A large percentage of civilian workers in the IC are likewise employed by the Services or the three letter Combat Support Agencies. Outside agencies, not owing fealty to Secretary Rumsfeld, are under wildly disparate pay systems. That makes it difficult to reassign and recruit employees from CIA, State and Justice to do things that need to be done in the new structure.

Complicating the issue are incentives and bonuses offered by some parts of the community for low-density, high-value skills in operations and languages.

It is complex. A memorable example occurred with the establishment of what was then known as the National Imagery and Mapping Agency. As part of the merger, the secretive National Photographic Interpretation Center (NPIC) was slated for re-subordination. NPIC was staffed jointly by CIA and DoD personnel.

The CIA employees were informed they were transferring from the Langley pay system to DoD in the transfer. There was near rioting in the workforce. Many of whom had unique skills, and could not be permitted to leave.

The compromise that stopped the riot was letting them retain their status as Agency employees, though it continued to cause animosity in the other workers who were not so lucky. Eventually, the issue was resolved through attrition and retirement, though rancor remains even now.

Over at the Department of Homeland Security, which likewise is a member of the IC, management has been trying to deal with the twenty-odd separate pay systems that came with its creation.
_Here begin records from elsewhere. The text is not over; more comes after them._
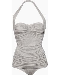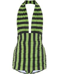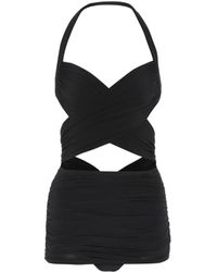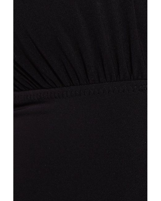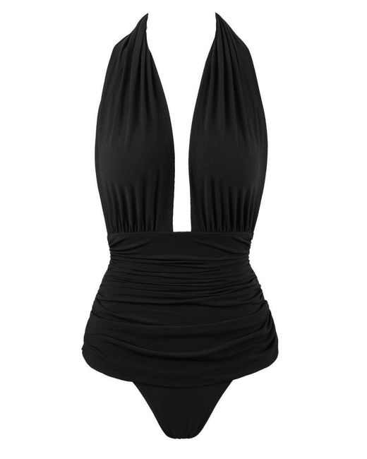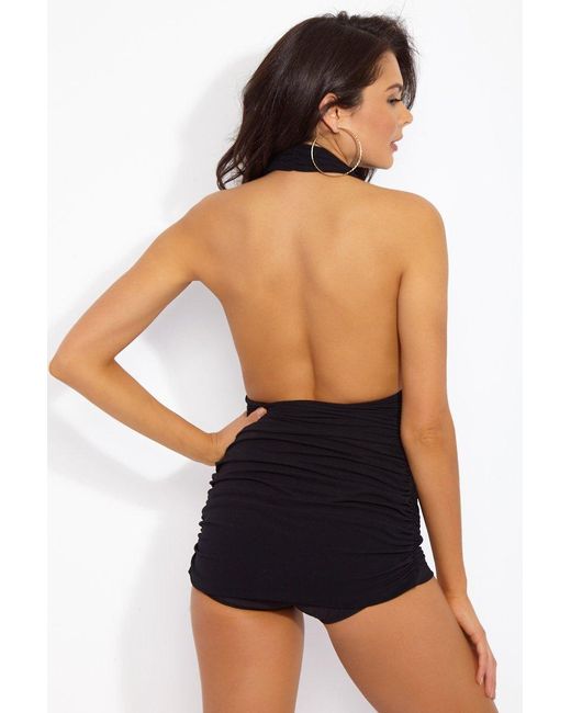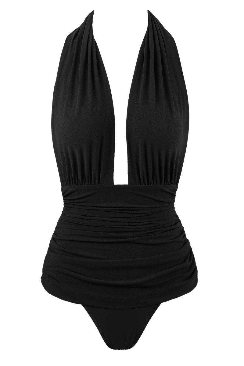 STYLE: Black retro-inspired plunging halter neck full coverage one piece swimsuit. Deep neckline and draped bust flatter your figure while giving the bodysuit an air of the 1950s. All-over shirring and fully ruched hips sculpt and flatter your curves. Thick pull-over halter straps and super low-cut back add to the 50s film star look. Skirt-like panels with low-cut leg and rear give you full coverage throughout. Underlayer of nylon spandex jersey acts as a base and gives you a brilliant form. The luxe Japanese swim jersey fabric is fully lined and wrinkle-free. CARE: Nylon/Spandex Jersey. Hand wash cold and lay flat to dry. Colour: black
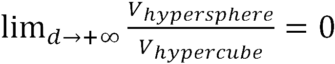 维数灾难(curse of dimensionality):描述的是高维空间中若干迥异于低维空间、甚至反直觉的现象。该现象的详细论述可以阅读参考文献[1] ,其中通过超立方体和其内切球的推导十分精彩,这里不再赘述。
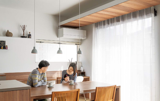 ダイニングでくつろぐNさまご家族。冬場でも室內(nèi)は暖かく、裸足で過ごすことが多いそう
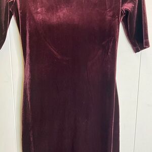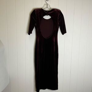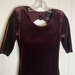 H&M Women’s Size 4 Plum Purple Velvet Midi Dress Stretch Short Sleeve
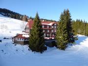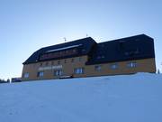 Catering in the Pec pod Sněžkou ski area ranges from cozy mountain huts to modern self-service restaurants right on the slopes. Visitors can enjoy both traditional Czech dishes and quick snacks here. In good weather, outdoor seating is usually available. Small kiosks complete the offering.
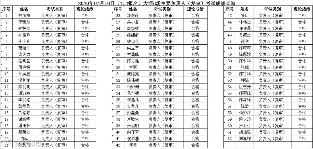 2020.07.10(7.2报名)大沥B场主要负责人(复审)考试成绩
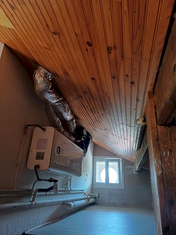 Le second grenier est en partie aménagé avec un cumulus mural de 80 litres, une VMC. Il comporte un emplacement pour une machine à laver et bouteille de gaz butane.
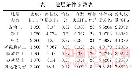 本文以深圳地铁世界之窗站至白石洲站浅埋暗挖地铁隧道地质条件为基础, 围岩力学参数见表 1。
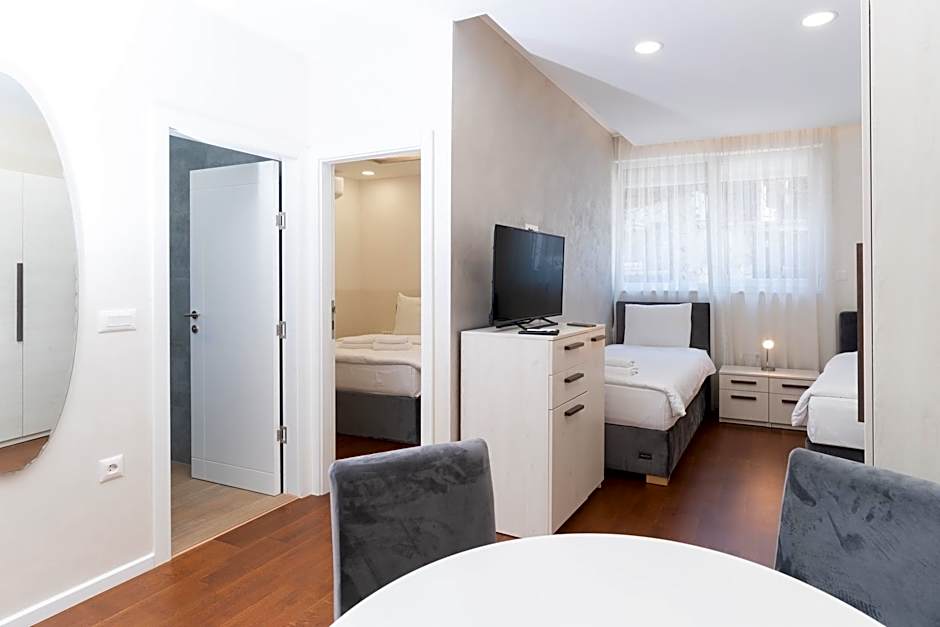 A diverse slate of accommodations is listed, ranging from Deluxe Studio and Studio options with balconies to multiple-suite configurations, including the Presidential Suite. For groups or families, options like the Studio, 2 Twin, Balcony Suite can sleep up to five adults, while other layouts cater to different needs. With these varied layouts in a central Sarajevo setting, this property serves as a lively base to explore the city.

Janet Hale was the official charged with bringing them all together, and she is quitting in May after three years on the job. She had 180,000 recalcitrant employees, and the job is not done yet.

The personnel reform confronting Ambassador Negroponte is daunting, and is called the “most ambitious scheme the Government has taken on in decades.”

That is a code phrase for toxic waste. The optimistic officials taking on the challenge say there are no deadlines for the overhaul, and nothing is on the table in terms of concrete proposals.

Previous attempts to adopt new pay systems have failed. A CIA initiative was put on hold in 2001, a victim of worker dissatisfaction. If it sounds like the Agency folks have a pretty good deal, you would be right.

The NIMA experience with consolidating pay systems resulted in a stalemate that was rectified only by the passage of time.

Grandfathering existing employees to their old systems while instituting reforms for new hires may be the unsatisfactory still years away.

Of course, there is an alternative. They could just start over, and out-source the whole enterprise. They could leave it to industry, make it a pay-for-performance thing. Out here nothing is certain, and everything is up for grabs.